История, которую я хочу рассказать, мне кажется не только маловероятной, но теперь, под впечатлением похорон старика профессора, даже ненавистной. О том, что он умер, я узнал случайно и почувствовал себя обязанным пойти на его похороны, хотя здесь, в Софии, мы встречались всего лишь дважды и то как полузнакомые. Мы оба испытывали чувство неловкости, и не только не продолжили, но даже не заикнулись об своих излияниях на далеком чужом берегу. Просто мы пообещали друг другу снова встретиться, но карусель повседневных забот закружила нас, и мы так и не увиделись.

Я стоял в безвкусно оформленном зале, где совершался довольно постный ритуал похорон, и бесцеремонно оглядывал провожавших старика в последний путь. Их было немного. Показная печаль не могла обмануть мой наметанный глаз. Я не нашел там никого, кто мог бы сказать мне правду о старике. Более того, там вряд ли нашелся бы человек, знавший, пусть даже случайно, хотя бы столько, сколько и я. И уж во всяком случае, никто из присутствовавших не согласился бы поведать эту правду, неудобную даже для меня, а что же говорить о близких. Бесспорно было только одно: эти исписанные скупым почерком тетрадные странички были оставлены мне, совсем случайному человеку, и никому больше он их не передавал.

Похороны не выходили у меня из головы. Я почти не бывал на кладбище. Все мои родные и близкие живы-здоровы — дай бог им долгой жизни, — и я не знал, никогда не видел, как провожают человека в вечность, даже не предполагал, как все это буднично и прозаично. Я видел это в кино, но ведь там все иначе. Близкие и родственники профессора, по-видимому, просто придерживались заведенного порядка, только двое мужчин — один среднего роста, а другой низкорослый — и в самом деле выглядели осиротевшими. У них не было сил ни смотреть, ни плакать. Большинство же были женщины, среди них даже сравнительно молодые, привлекавшие к себе взоры. Но все же из-под искренней скорби проглядывало облегчение. Наверное, покойный порядком их мучил, во всяком случае, больше, чем они того заслуживали. Я заметил, что кое-кто из женщин держится поодаль от близких профессора, чувствуя себя как на иголках и не смея приблизиться, будто боясь, что кто-то дернет их за полы и спросит, что они здесь делают. Особенно меня поразила одна из них, довольно высокая, не очень молодая, но и еще не старая. Подобной кожи касался, наверное, Микеланджело, чтобы подобрать мрамор для Пьеты, которую я видел во время одной турпоездки у входа в собор святого Петра в Риме. Эта женщина со скорбным выражением лица также держалась поодаль, но я почему-то представил ее себе со стариком на руках, подобно богоматери со смертельно измученным сыном. И без того Христос в руках Марии мне показался гораздо старше своей матери.
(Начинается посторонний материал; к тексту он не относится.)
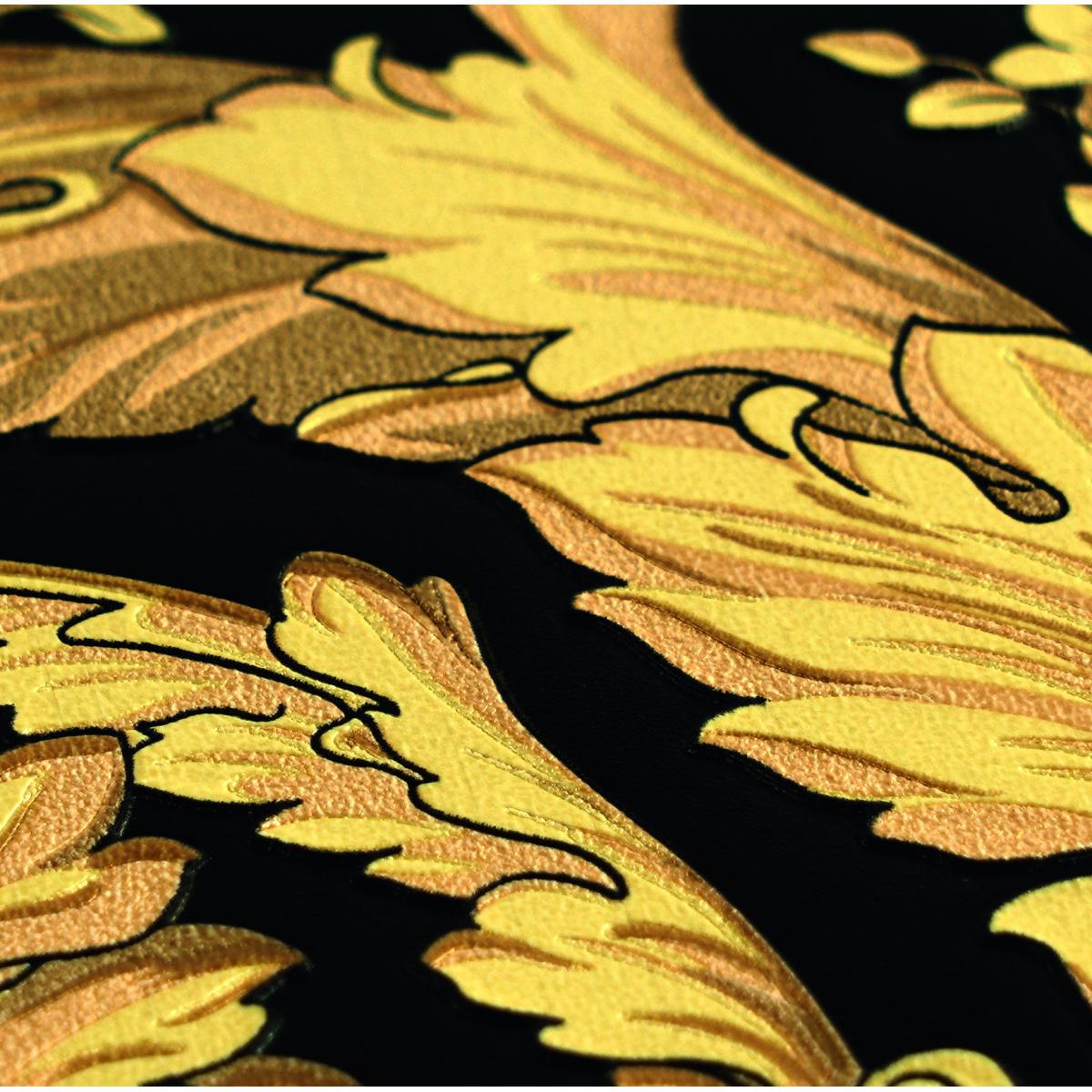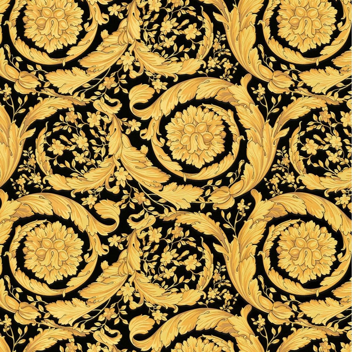 Versace Yellow Gold & Black Floral Butterfly Motif Baroque Ornate Designer Wallpaper by Luxury Group International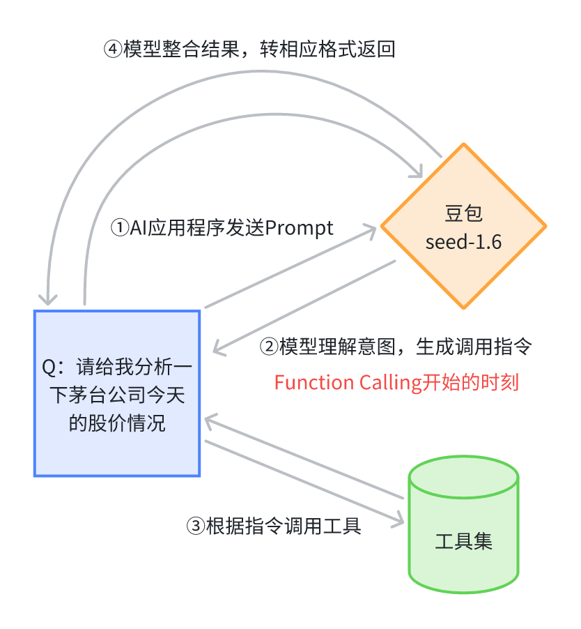 在Eino框架中,AI Agent的智能不仅体现在对自然语言的理解上,更在于它能主动调用外部工具完成任务。这种能力的实现依赖于一个核心机制--Function Calling(函数调用)。简单来说,Function Calling 就是让模型在对话过程中学会“调用函数”,从而让模型具备“动手能力”。这里我详细介绍下,Function Calling这个概念有广义和狭义两个层面。广义的Function Calling是指让大模型能够调用外部工具的一种技术实现,首先向大模型提供工具集以及说明,由大模型在对话过程中智能判断是否需要调用工具。我们今天探讨的Function Calling属于广义层面的范畴。而狭义的Function Calling特指大模型提供商在模型内部与API层面做了支持的一种能力,最早由OpenAI引入,在模型层面:模型提供商需使用海量的函数调用数据对大模型进行专门的微调或强化学习训练,使其具备更强的意图识别,函数选择,参数生成能力。假如我向大模型提问:请给我分析一下茅台公司今天的股价情况,工作流程大致如下图: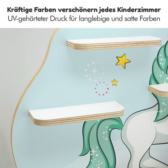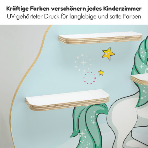 Die Kinder-Regale sind im Wortsinne eine runde Sache, denn Ecken und Kanten sind fein säuberlich abgeschliffen und gerundet. Sicher ist sicher. Wir arbeiten mit Multiplex-Platten und verzichten dabei bewusst auf kostengünstigere Alternativen wie Kunststoff oder Plastik. Unsere Motive sind mittels UV - Digitaldruck direkt auf der 10 mm Holzplatte aufgebracht.
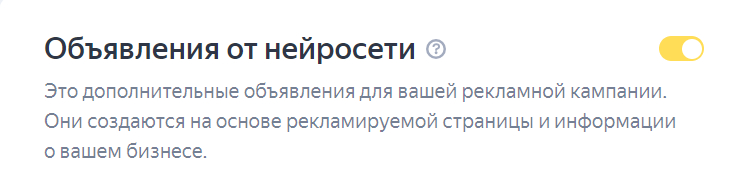Яндекс предлагает выбрать использовать ли дополнительные объявления от нейросети. Подключать ли данную опцию? С одной стороны, на странице настройки указано, что такие объявления получают до 15% больше целевых действий. Но с другой, если вы сделали сами отличное и качественное объявление, зачем полагаться на нейросеть?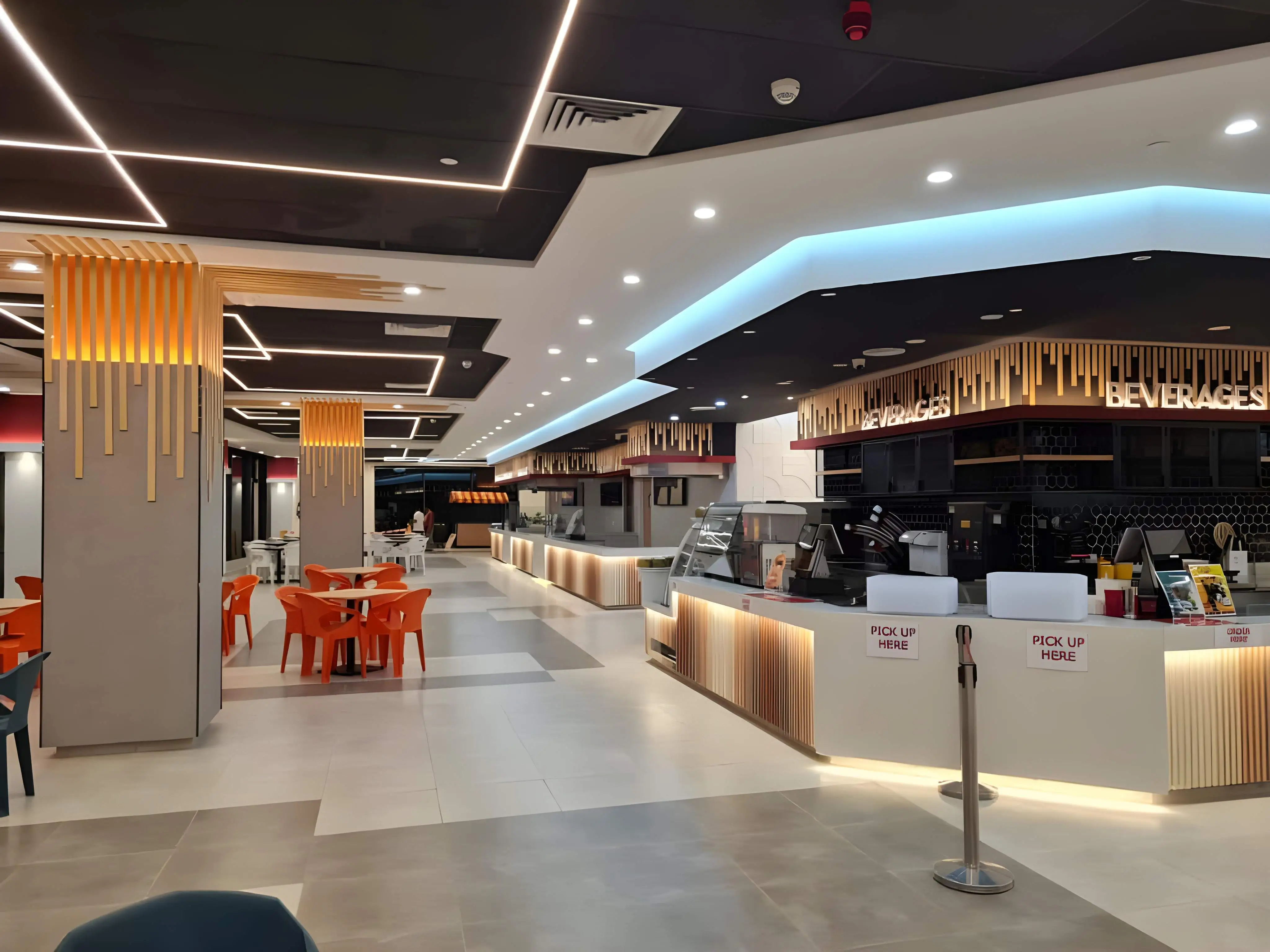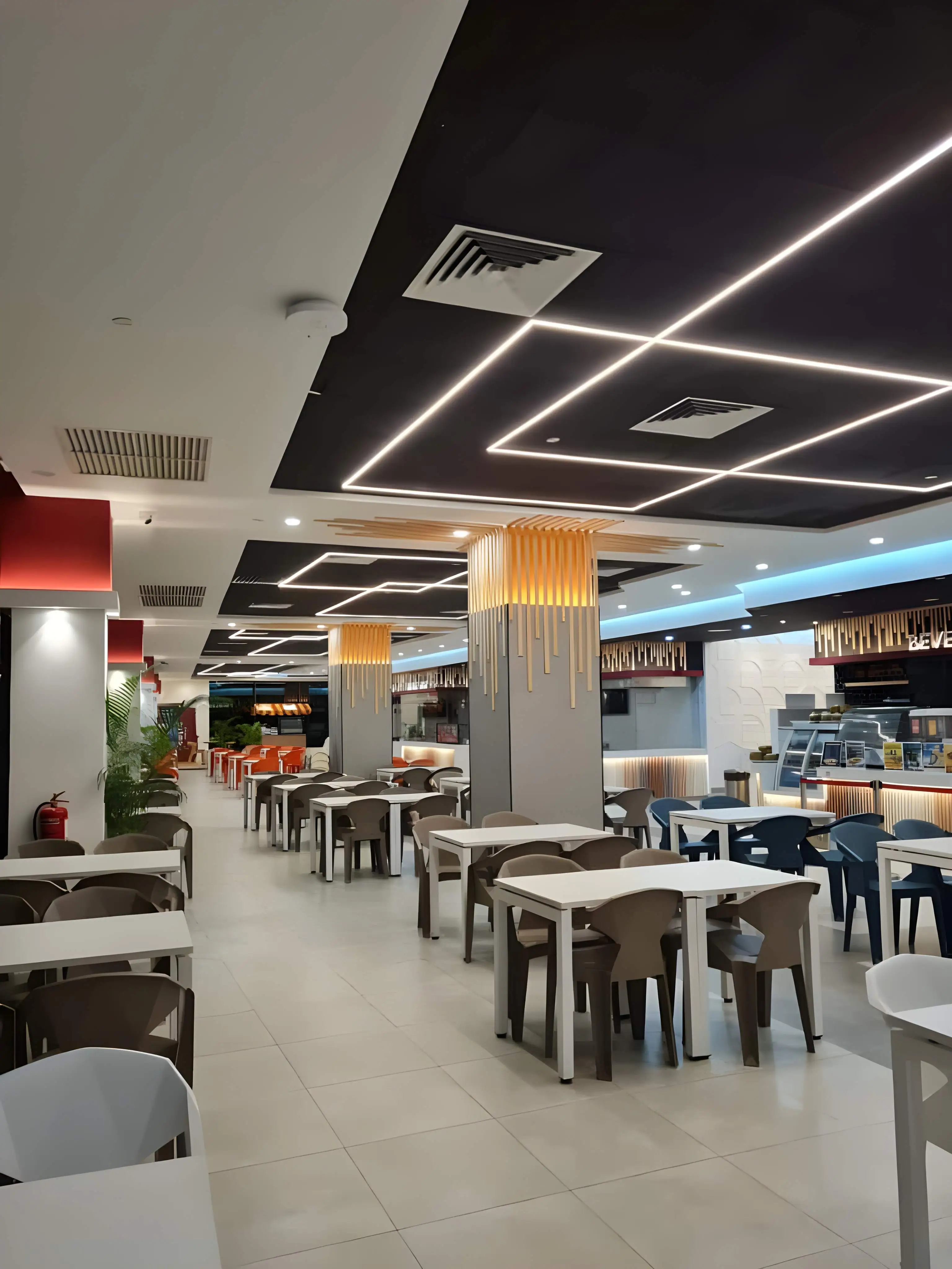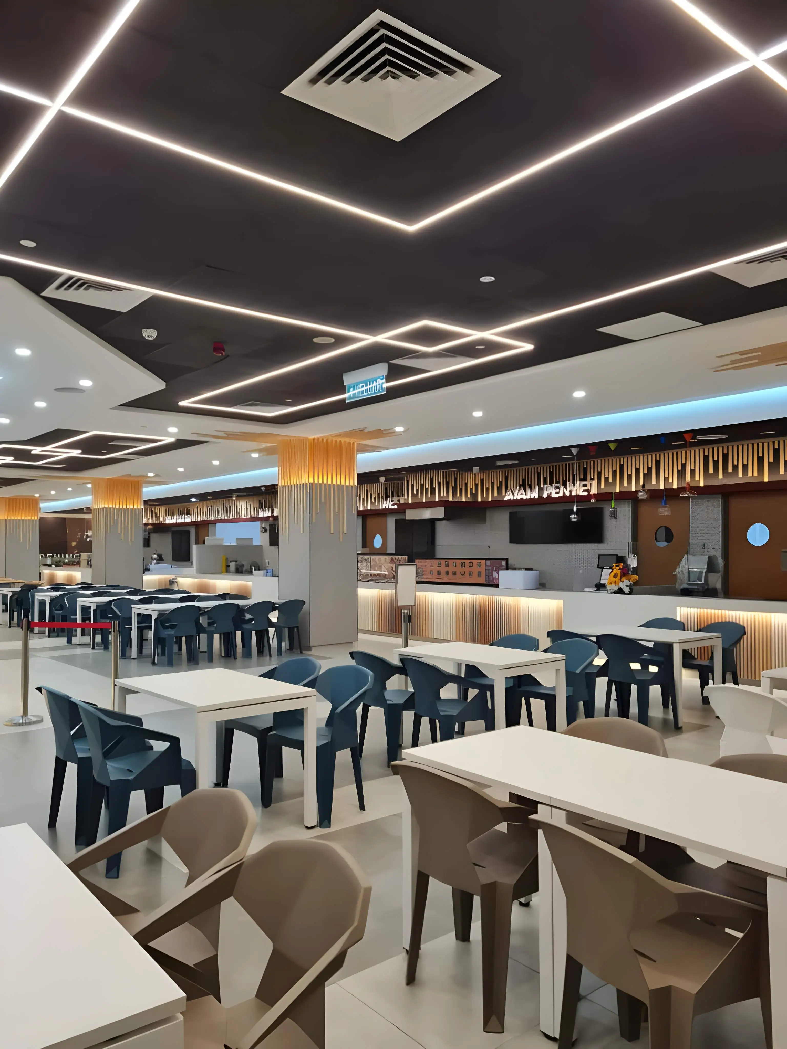 The Rasa Food Arena at Setia City Mall presents a dynamic and contemporary food court experience, designed to be visually appealing, highly functional, and comfortably accommodating for large volumes of customers. The space utilizes a sophisticated interplay of lighting and modern design elements to create a distinctive atmosphere. A key feature is the bold ceiling design, which combines black painted sections with linear LED lighting strips forming striking geometric patterns, ensuring a bright and modern environment. The food stalls and central columns are enhanced by warm wooden vertical slat accents illuminated by bright backlighting, providing a visually appealing contrast against the clean, light-toned service counters. Seating areas are clearly defined by the use of varied furniture colors, incorporating blocks of bold terracotta orange, deep teal/blue, and neutral brown/taupe chairs, which delineate zones while adding vibrant energy. The layout is optimized for efficiency, featuring well-organized service and pick-up counters, and is softened by integrated planters that introduce a touch of natural greenery, creating a clean, high-energy, and welcoming communal dining space.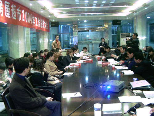 2004年12月17日上午,百居易房屋連鎖超市在總部南京路二樓會議室召開2004年工作總結(jié)大會,38家連鎖店負(fù)責(zé)人和總部各部門全體員工以及國佳集團(tuán)、市房產(chǎn)局市場處相關(guān)領(lǐng)導(dǎo)參加了會議。
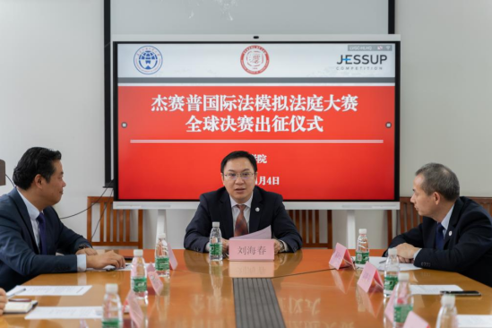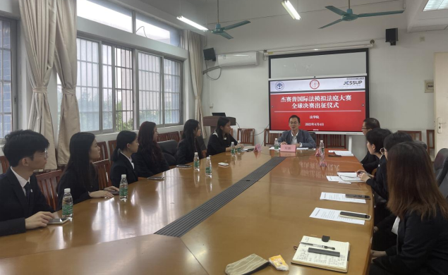 刘海春为赛队作出征动员讲话,他从广外校训“明德尚行,学贯中西”的阐释切入,结合法学学科“德法兼修”的人才培养目标,强调同学们在大学里邀注重提升知识、能力,更重要的是要锻造优秀的品格,并指出本次赛队成绩的突破便是我们培养有家国情怀、国际视野、扎实学识的法治人才的最好体现,他祝愿同学们本次出征全球决赛路途平安、取得满意的成绩。

Раздался стук первых комьев земли, глухо ударявшихся о крышку гроба. Тогда я резко повернулся и пошел домой. Потом он долго стоял у меня в ушах, когда я, непонятно отчего взволнованный, корил себя за неправедный гнев, за то, что именно я, сам того не желая, оказался объектом излияний старика на морском берегу. Мне хотелось во что бы то ни стало уговорить себя, что за неимением более достойной публики он давал волю своему красноречию, распускал павлиний хвост передо мной, чтобы остаться интересным для мира и окружающих до самой смерти, до конца…

Мы отправились на остров Кипр в составе небольшой киногруппы, чтобы снять туристский фильм, рекламирующий кипрские и наши черноморские курорты — такой договор был заключен между болгарской и кипрской фирмами. Фильмы такого рода гораздо легче и приятнее снимать, чем смотреть. Мы с оператором то и дело тайком улыбались, наблюдая за серьезными, глубокомысленными представителями субсидирующих предприятий, излагавшими свои требования. Они почему-то настаивали, чтобы чисто рекламная сторона была скрыта за какой-то интрижкой, подобием любовной истории между нашим русоволосым Аполлоном и смуглой Кипридой, которую, из-за ее местного происхождения, на Кипре, как и во всем мире, иногда называют Афродитой. Не знаю, где они откопали какого-то своего сценариста, бездельника и проходимца, который, судя по всему, сумел их убедить в несомненной поэтичности своих рекламных творений. А вообще-то ему хорошо удавалось размывать границы между литературой и рекламой.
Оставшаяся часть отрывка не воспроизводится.